**What is needed**
In the records below, repeat word for word only the lines starting at the one that contains "注意事項:着用感が少し&タグ" and ending at the one that contains "در همین حال،", pictures excluded.
(Entries provided)
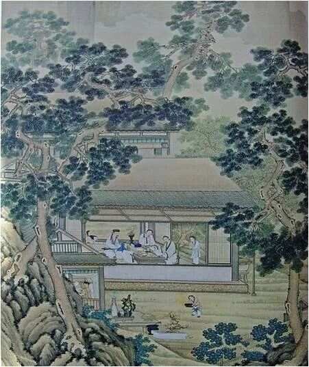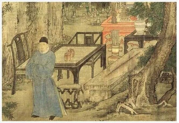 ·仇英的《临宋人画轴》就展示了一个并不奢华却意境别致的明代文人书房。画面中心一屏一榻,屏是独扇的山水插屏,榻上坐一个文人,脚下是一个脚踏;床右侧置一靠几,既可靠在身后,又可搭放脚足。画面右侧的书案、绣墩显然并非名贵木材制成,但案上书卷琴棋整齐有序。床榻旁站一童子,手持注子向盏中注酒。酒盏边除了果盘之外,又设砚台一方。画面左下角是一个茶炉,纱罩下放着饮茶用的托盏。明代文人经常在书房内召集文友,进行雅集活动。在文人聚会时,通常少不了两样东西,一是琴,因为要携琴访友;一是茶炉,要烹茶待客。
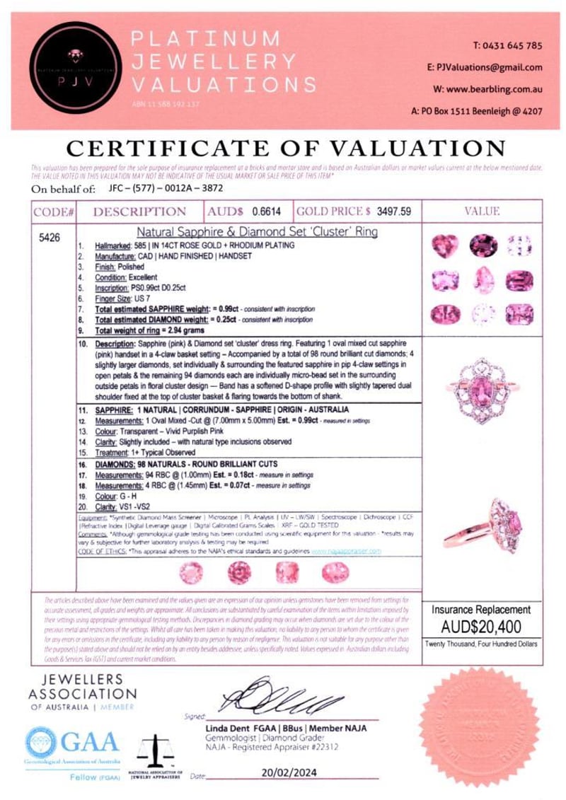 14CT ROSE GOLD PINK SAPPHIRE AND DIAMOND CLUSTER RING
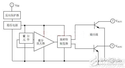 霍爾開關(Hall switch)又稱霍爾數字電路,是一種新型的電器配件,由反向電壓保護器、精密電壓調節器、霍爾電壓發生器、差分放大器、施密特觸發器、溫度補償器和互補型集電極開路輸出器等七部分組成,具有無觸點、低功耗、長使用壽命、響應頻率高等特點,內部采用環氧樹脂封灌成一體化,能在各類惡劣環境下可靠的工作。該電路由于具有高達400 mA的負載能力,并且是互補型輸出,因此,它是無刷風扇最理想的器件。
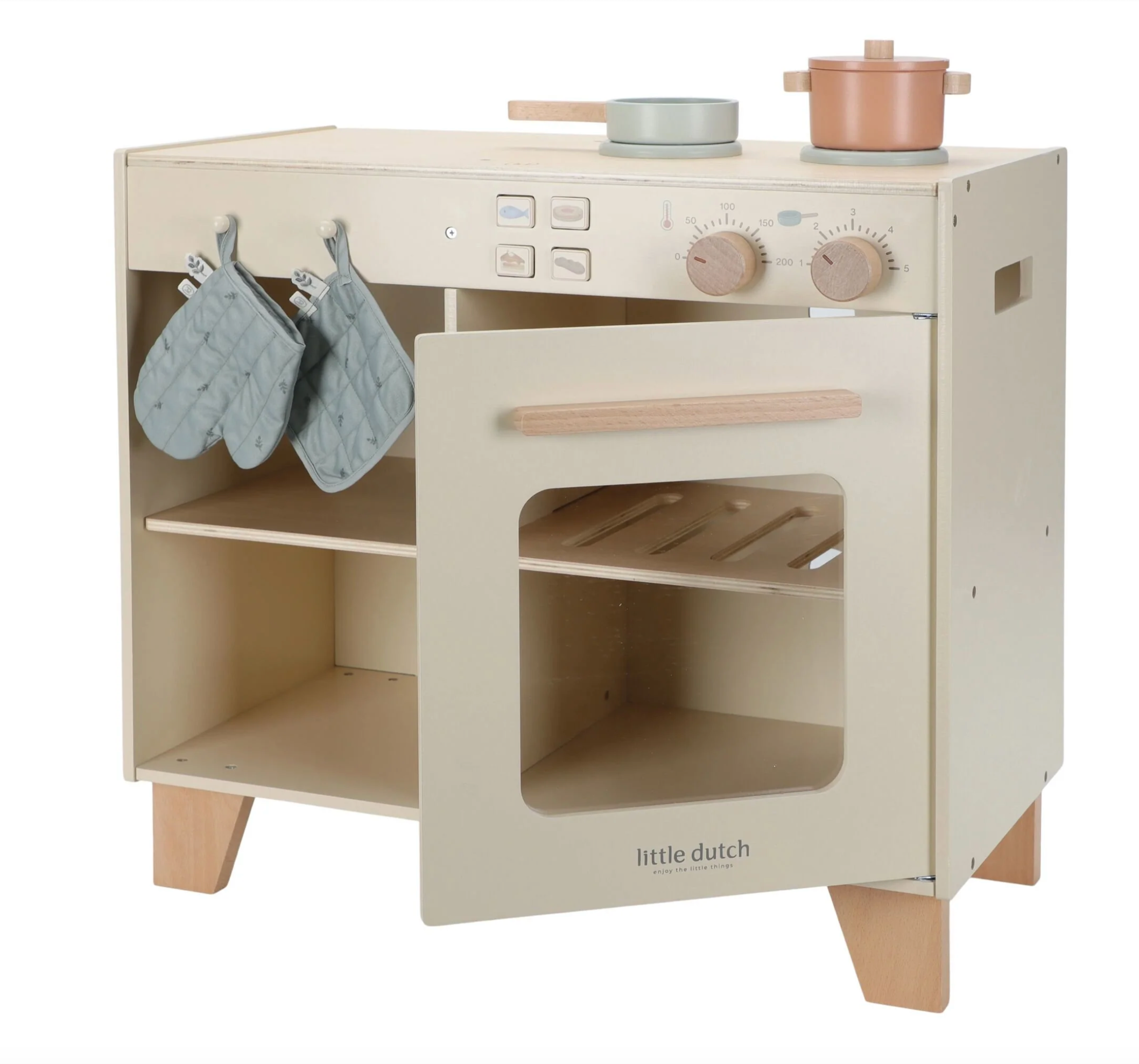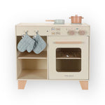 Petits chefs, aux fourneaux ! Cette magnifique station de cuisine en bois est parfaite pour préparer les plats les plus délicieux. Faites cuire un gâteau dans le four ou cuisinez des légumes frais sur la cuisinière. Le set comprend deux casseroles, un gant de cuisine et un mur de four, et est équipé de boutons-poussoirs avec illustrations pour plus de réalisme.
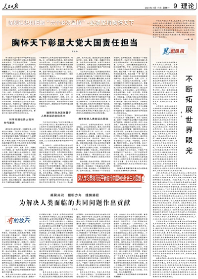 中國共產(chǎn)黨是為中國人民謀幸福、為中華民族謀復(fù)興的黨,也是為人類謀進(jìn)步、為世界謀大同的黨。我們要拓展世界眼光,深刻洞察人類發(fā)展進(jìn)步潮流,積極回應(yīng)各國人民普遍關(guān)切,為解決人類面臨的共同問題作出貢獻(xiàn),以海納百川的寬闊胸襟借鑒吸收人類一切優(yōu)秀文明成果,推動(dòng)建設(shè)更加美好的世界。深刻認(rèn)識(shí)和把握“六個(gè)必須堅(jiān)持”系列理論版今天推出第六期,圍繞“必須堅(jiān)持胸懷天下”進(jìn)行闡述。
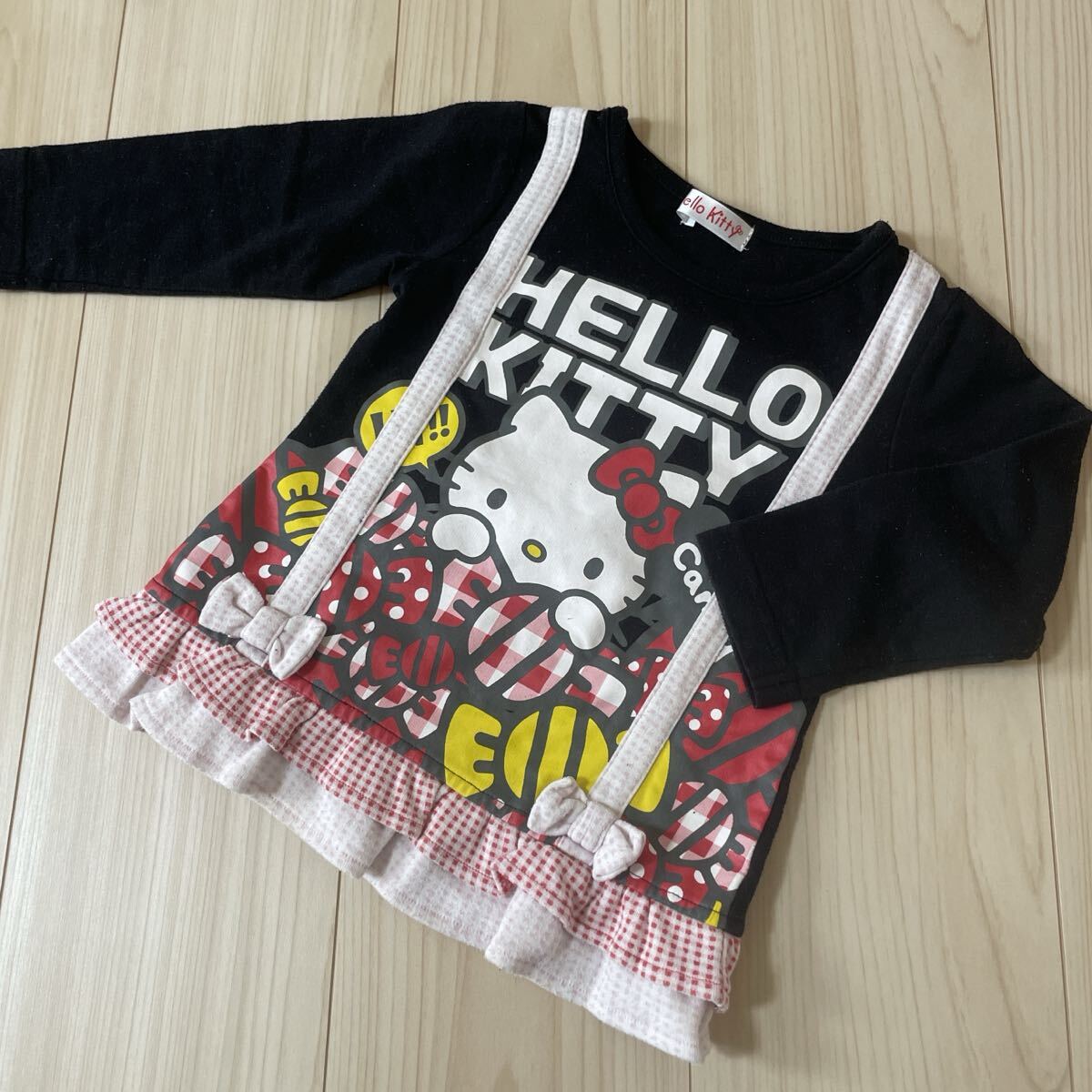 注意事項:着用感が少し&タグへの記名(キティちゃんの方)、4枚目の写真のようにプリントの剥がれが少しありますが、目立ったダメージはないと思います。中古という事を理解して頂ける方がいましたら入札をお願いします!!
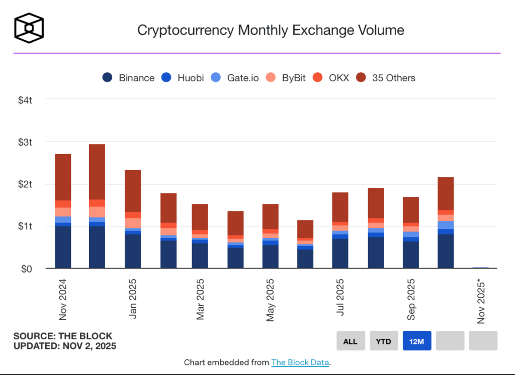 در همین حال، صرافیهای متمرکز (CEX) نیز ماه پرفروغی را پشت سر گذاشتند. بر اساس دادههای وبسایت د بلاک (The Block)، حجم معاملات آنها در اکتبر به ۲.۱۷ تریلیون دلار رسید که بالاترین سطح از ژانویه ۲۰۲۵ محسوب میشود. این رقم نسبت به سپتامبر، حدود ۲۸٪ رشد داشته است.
(End Entries provided)
(Entries provided)
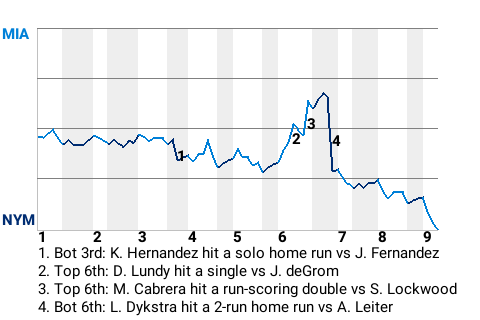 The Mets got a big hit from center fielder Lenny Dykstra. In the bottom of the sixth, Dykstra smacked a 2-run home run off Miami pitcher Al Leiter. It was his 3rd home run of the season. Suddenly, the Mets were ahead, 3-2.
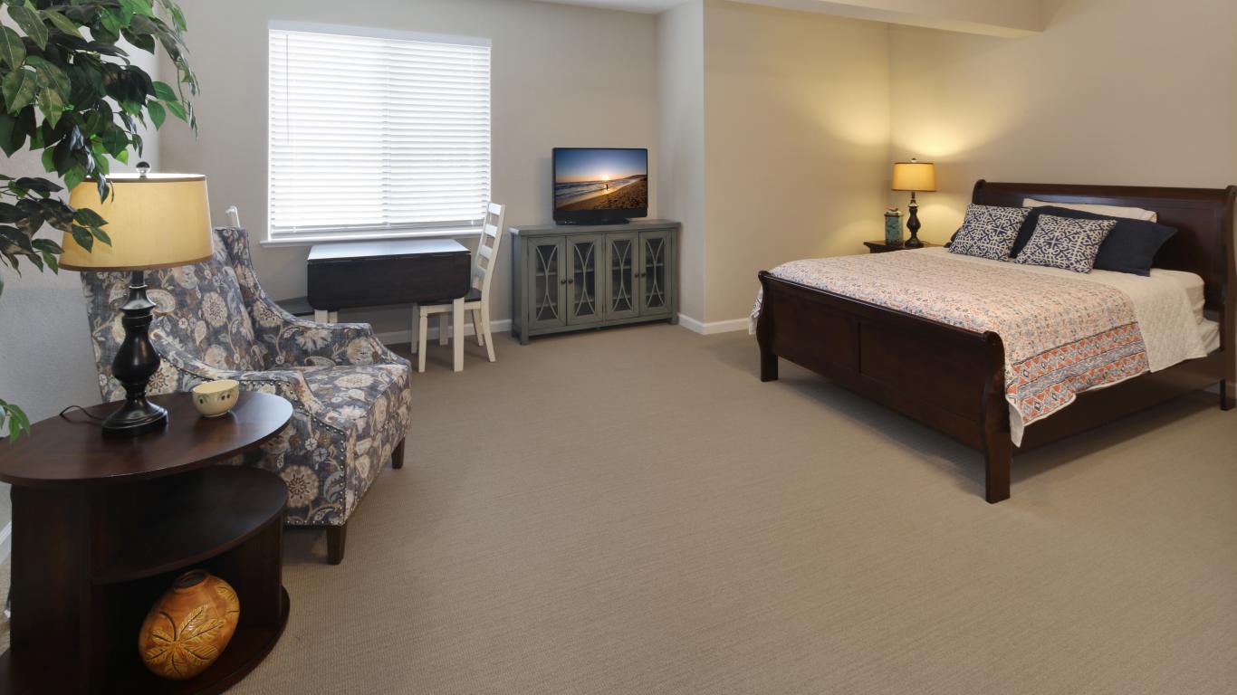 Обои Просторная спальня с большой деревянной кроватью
(End Entries provided)
**Task response**
 注意事項:着用感が少し&タグへの記名(キティちゃんの方)、4枚目の写真のようにプリントの剥がれが少しありますが、目立ったダメージはないと思います。中古という事を理解して頂ける方がいましたら入札をお願いします!!
 در همین حال، صرافیهای متمرکز (CEX) نیز ماه پرفروغی را پشت سر گذاشتند. بر اساس دادههای وبسایت د بلاک (The Block)، حجم معاملات آنها در اکتبر به ۲.۱۷ تریلیون دلار رسید که بالاترین سطح از ژانویه ۲۰۲۵ محسوب میشود. این رقم نسبت به سپتامبر، حدود ۲۸٪ رشد داشته است.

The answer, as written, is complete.